In 2017, Cook made his feature film debut in Guardians of the Galaxy Vol. 2. In the same year, he played opposite Al Pacino in the theatre production of God Looked Away.

Playing the role of Lucifer Morningstar, Cook shot the first series of Chilling Adventures of Sabrina in November 2018 and the next series in July 2019.

In September 2019, Cook shot Katy Keene in which he plays Guy LaMontagne.

In 2020, Cook wrapped on indie film Eye Without a Face in which he stars as a con man. In the same year he starred in Australian indie film How Do You Know Chris in the title role.

In February 2021, Cook was announced in the fourth season of Dynasty and will play Kirby's ex-boyfriend Oliver.

In July 2021, it was confirmed that Cook would join the second season of Dollface as a recurring guest star.

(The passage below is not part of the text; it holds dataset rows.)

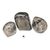 Feldspath (aluminosilicate de calcium). Pierre joliement colorée, très agréable, elle agit comme une douche lumineuse destressante, elle fonctionne comme un bouclier qui transforme les énergies négatives, les maux et les charges d'autrui et qui préserve notre énergie de ceux qui pourraient nous la "pomper". Avant de pratiquer un soin placer un galet de labradorite dans chaque main pour ouvrir et charger les chakras des mains. Nettoyage fréquent indispensable.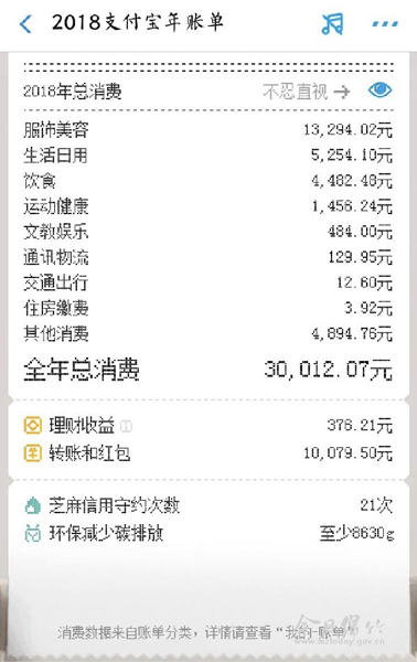 本刊消息 1月8日,2018年支付宝年账单正式发布,这一次年度账单以购物小票的方式统计了支付宝用户2018年的各种花销以及信用履约情况等。账单出炉后,不少市民在朋友圈内晒出了自己的消费情况,其中的隐藏功能、2019年的多个个性化的许愿标签更是引发了大家的热议。记者随机采访了几位消费者,从他们的支付宝账单中,可以看到2018年我市市民的生活状态。 热议:支付宝年度账单以小票形式出现 打开支付宝年度账单,记者发现,与之前的相比,支付宝在2018年账单上更加隐私和个性化。在入口方面,支付宝2018年个人账单只接受用户自主查询,只有自行在顶部搜索栏键入“年账单”或者打开支付宝-我的-账单功能,才能看到个人年账单。在账单开启页面,还需要额外的身份验证。用户只有通过刷脸、指纹、数字密码等方式完成验证,确保是本人查看才可以正式开启年度账单。 从账单页面风格来看,2018年度账单的风格很写实。整个账单就像一张从打印机中慢慢打印出来的购物小票,“账单感”更强。进入账单可以看到,2018年的支付宝个人年度账单通过多个生活场景来展示支付宝的消费数据。其中包含了线下支付次数、全年使用的便民生活服务、消费金额最高的品类、全年支付宝消费最多的月份等趣味数据,基本包含了一个人的衣食住行。 2018年支付宝账单明细还有一个小功能,如果按页面指示点击“不忍直视”,支付宝总账单会自动隐去具体消费金额。因此,不少市民评价称,2018年的账单更加个性化、隐私性更好。 感叹:怪不得我穷 不知不觉花了这么多钱 账单一出,我市市民纷纷在社交媒体上晒出了自己的账单情况。“短短一年的时间,我在网上竟然花了4万多元。”家住春溢街的王艳昨天在网上晒出了自己的账单。她告诉记者,当她看到花了这么大一笔钱的时候都傻眼了,没想到自己也会成为一个不折不扣的剁手党。在王女士的账单中,2018年服饰美容花了近3万元,生活日用3000元,文教娱乐2000余元、通讯物流700余元,饮食、交通出行、运动健康以及其它消费共计6000余元等。“平常觉得支付宝方便,购物消费都用它,没想到居然花了那么多钱。”王女士说道。 “今年一年全白干”“我哪里来的这么多钱”“不知不觉被掏空”……年度账单除了引发大家集体感叹外,今年的年度账单还增添了一些趣味设置,让很多市民看到了自己“隐秘的一面”。比如有市民晒出,自己一年总出行200余次,打车近百次,花费1000多元。该市民自嘲“看来我真是懒到家了”。此外,针对支付宝提供的当地排名和全国排名,也有市民表示,“只有这一天,我才能超过全国90%的网友!”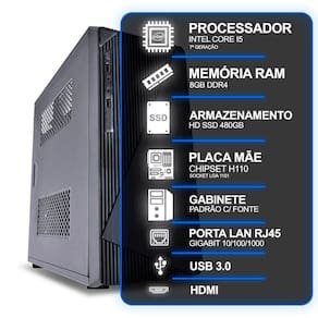 MODELO: GABINETE PRETO ATX | INTEL CORE I5 7 GERAÇÃO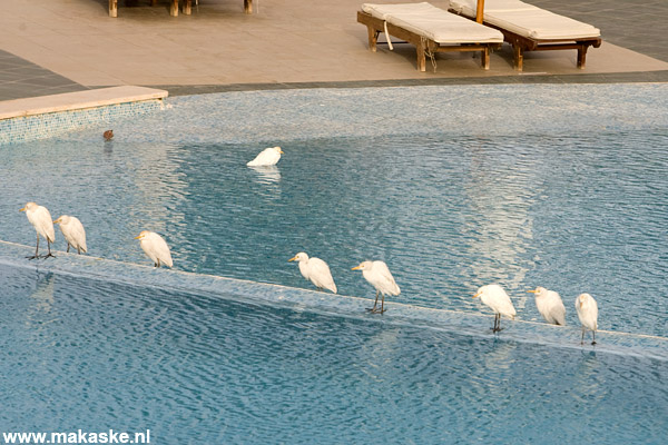 Maar waar ken ik die vogels ook alweer van? Oh ja... dat zijn dezelfde die zich 's avonds in het zwembad van het hotel even 'gezellig' komen ontspannen...

In 2025, Cook was nominated for a Logie award for his work on the Stan TV series Good Cop/Bad Cop.

== Personal life ==
Cook and New Zealand stylist Kara Wilson became engaged in December 2019, and they were married on 16 May 2020. Their first son was born in November 2020, followed by their second son born at home on 15 November 2022. In September 2025 they welcomed their third son, also a homebirth.
He also has a rescued Chihuahua named Cindy.

Cook told Brief Take that he would love to do some big character roles in a similar vein to Jim Carrey, and also cites Ben Stiller and Ricky Gervais as influences.

On social media, Cook shows off his impersonation and acting skills with his wider fan base. He has created a group of characters such as a model manager named Steve Kay and an Australian mother named Louise.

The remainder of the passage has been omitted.